Annihilation

Annihilation by Jeff Vandermeer

Jeff Vandermeer’s Annihilation follows a troupe of four women – a biologist, a surveyor, an anthropologist and a psychologist – as they enter the mysterious Area X, an area of land sectioned off due to its mysterious and dangerous properties.  Despite there having been eleven prior expeditions, not much is known about what goes on in Area X other than that those that return are rarely as they left – if they return at all.

This was not my cup of tea, which was such a letdown considering how the premise captured my imagination.  While my genre focus is primarily mystery and crime fiction, I have an appreciation for both horror and sci-fi.  Vandermeer’s novel exists within the latter and while it definitely succeeds in the creepiness factor, I felt like I spent the majority of the novel waiting for an explanation that never came.  I get that the fear of the unknown was a key factor used in driving the book, but it left me frustrated.  I didn’t even know where in the world this was taking place!  I need to know!  The narrator clearly knows – why not at least give me that?

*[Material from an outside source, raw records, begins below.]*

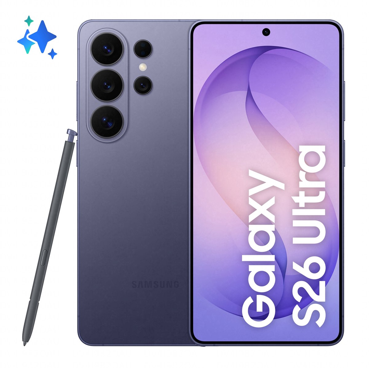 Samsung Galaxy S26 Ultra . Beeldschermdiagonaal: 17,5 cm (6.9"),Resolutie: 3120 x 1440 Pixels. Processorfamilie: Snapdragon, Processormodel: 8 Elite Gen 5. RAM-capaciteit: 12 GB, Interne opslagcapaciteit: 512 GB. Resolutie camera achterzijde (numeriek): 200 MP, Type camera achterzijde: Quad camera. SIM-kaart-capaciteit: Dual SIM. Inclusief besturingssysteem: Android 16.0. Capaciteit van de accu/batterij: 5000 mAh. Kleur van het product: Violet. Gewicht: 214 g
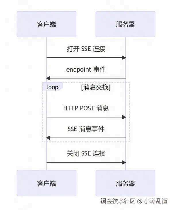 SSE 端点可以理解为客户端与服务端之间的一个连接接口,可以用于服务端向客户端不断推送消息。但由于 SSE 是服务端到客户端的单向传输协议,因此这里还需要一个 HTTP POST 端点,用于客户端到服务端方向的传输接口。
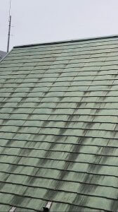屋根はかなり前に一度塗装済みですが、黒っぽい汚れが広がっているのが分かります。
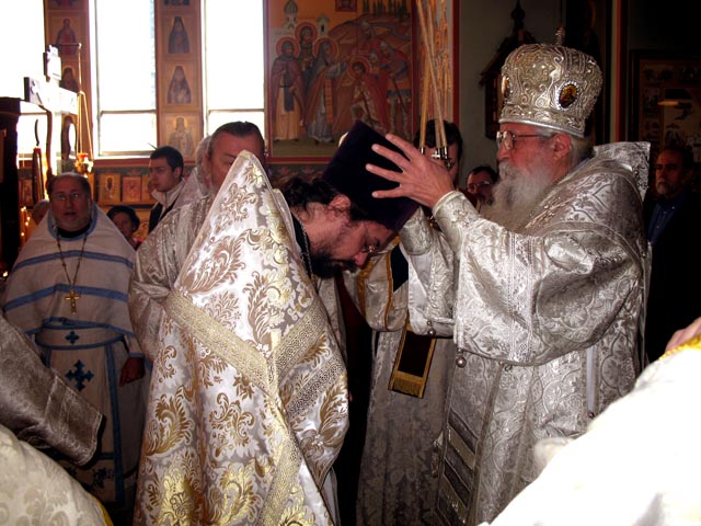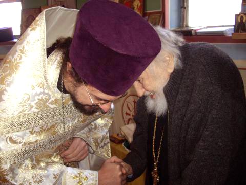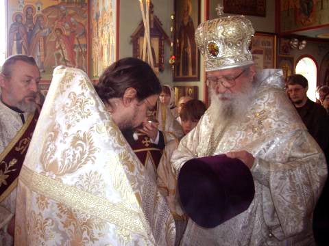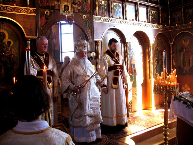 His Eminence Vladyka then elevated Fr Nicholas to the rank of protopriest on this, his twentieth year of service in the priesthood in the Holy Church of Christ. At the end of service, the Primate of the part of the Russian Orthodox Church abroad then expressed his thanks to Fr Roman for his many years of labor in providing pastoral nourishment and insuring the well-being of the life of Epiphany Church, and invoked God's blessing upon him, the new Rector, the clergymen, all the parishioners and worshipers. Fr Roman, although he has been released from his duties in connection with his health, will remain at the parish in an auxiliary capacity.
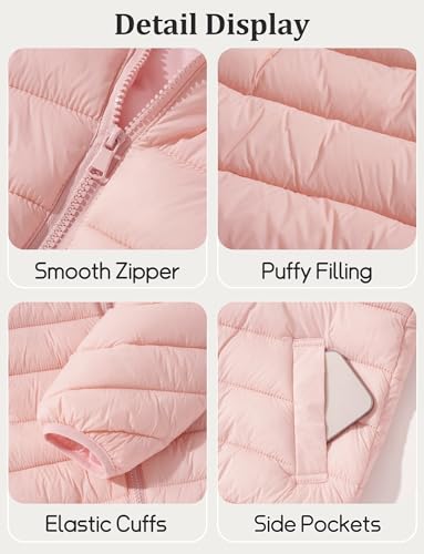 Happy Cherry Kids Boy Girls Packable Lightweight Jacket Stand Collar Quilted Puffer Coat Zip Up Hooded Outerwear 1-12Y 4
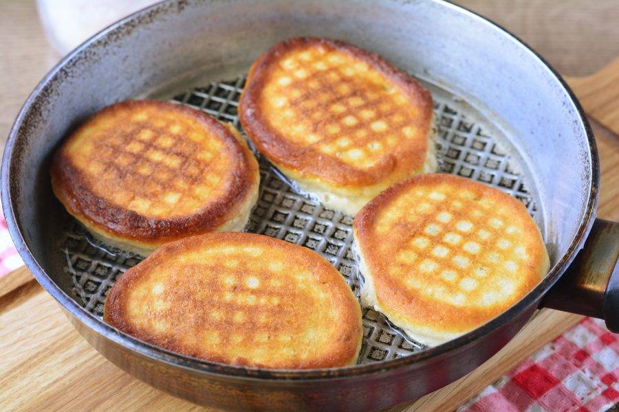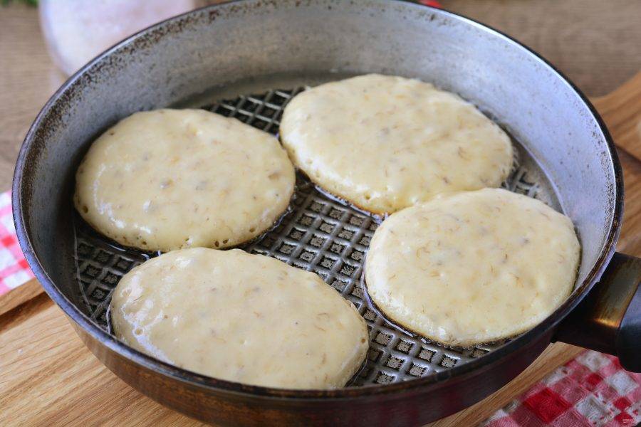 Через 2-3 минуты переверните оладушки, жарьте с обратной стороны столько же времени, пока они не подрумянятся.
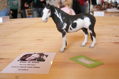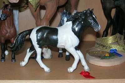 Mein erstes um bemaltes Pferd war der weiße steigende Hengst, mir hat die dunkle Mähne und der Schweif nicht gefallen, also habe ich sie weiß bemalt und Ihn bei ebay verkauft, dann kam der alte Pinto, er hatte einige Macken, die ich mit viel Fantasie beseitigt habe, dann wurde er schwarz bemalt mit Blesse und weißen Fesseln, zum Schluss einen glänzenden Firnis.
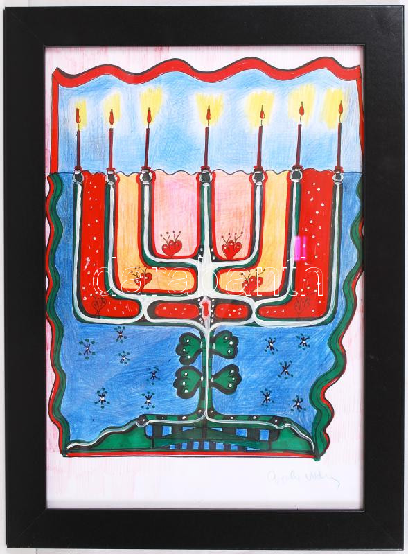 Gergely Nóra (1956): Menóra V, vegyes technika, papír, jelzett, üvegez... https://www.darabanth.com/hu/193-Gyorsarveres/193.0/Festmeny-mutargy-papirregiseg-egyeb/Festmenyek-es-grafikak~200001/Gergely-Nora-1956-Menora-V-vegyes-technika-papir-jelzett-uvegezett-keretben-28C39720-cm~II719769
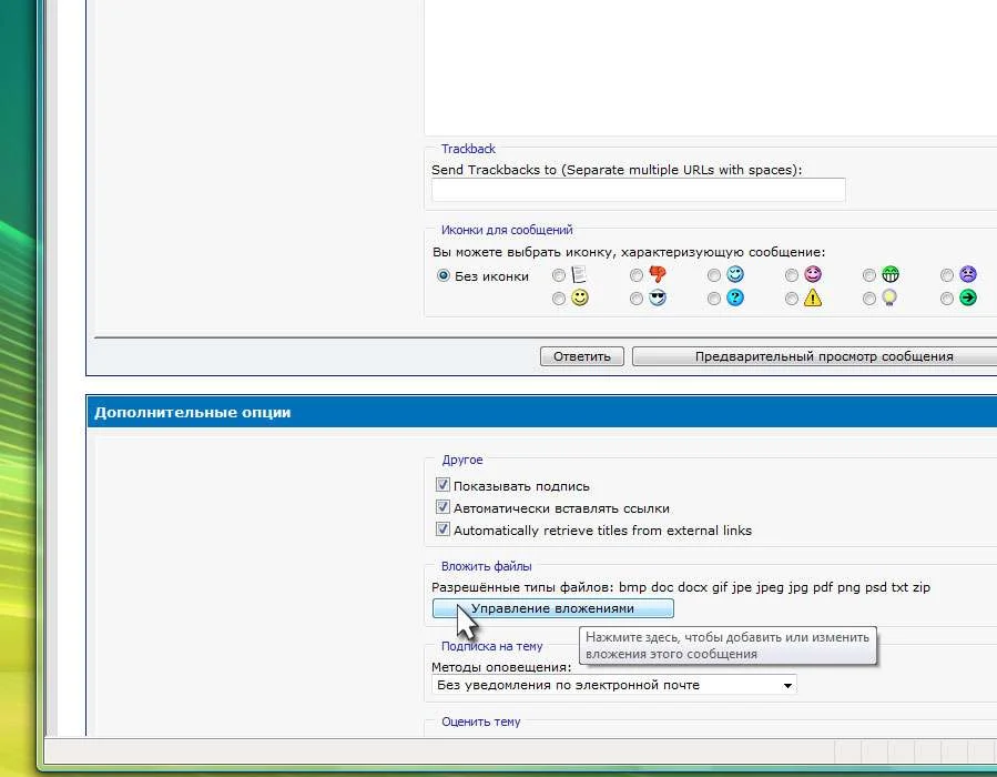 Всего можно загрузить до шести изображений с Вашего вомпьютера. Вложениями могут быть не только изображения, но и другие типы файлов. Их список и максимальный объём можно увидеть в том же далоговом окне. Если Ваше изображение слишком велико по объёму, то советую уменьшить его разрешение в любой графической программе. Оптимальное разрешение для файлов типа .jpg является 600Х800 точек.

That being said, not knowing what led to a setting can be fine – Cormac McCarthy’s The Road never explicitly says what brought about “the end of the world” – but in the absence of knowledge, I need entertaining and memorable characters.  The biologist, who is our narrator, is dreadfully boring and the three other women that ventured alongside her were void of personality, which left me with a general sense of apathy whenever they were in danger.  Unlike The Man and The Boy in The Road, I didn’t care about these characters and I didn’t care if they lived or died.

I felt like from beginning to end, Annihilation was an exercise in frustration for me.  I was twenty pages from the end and nearly gave up because I knew it would require me to pick up book two to know more about this world but I don’t care enough to continue.  This left a sour taste in my mouth.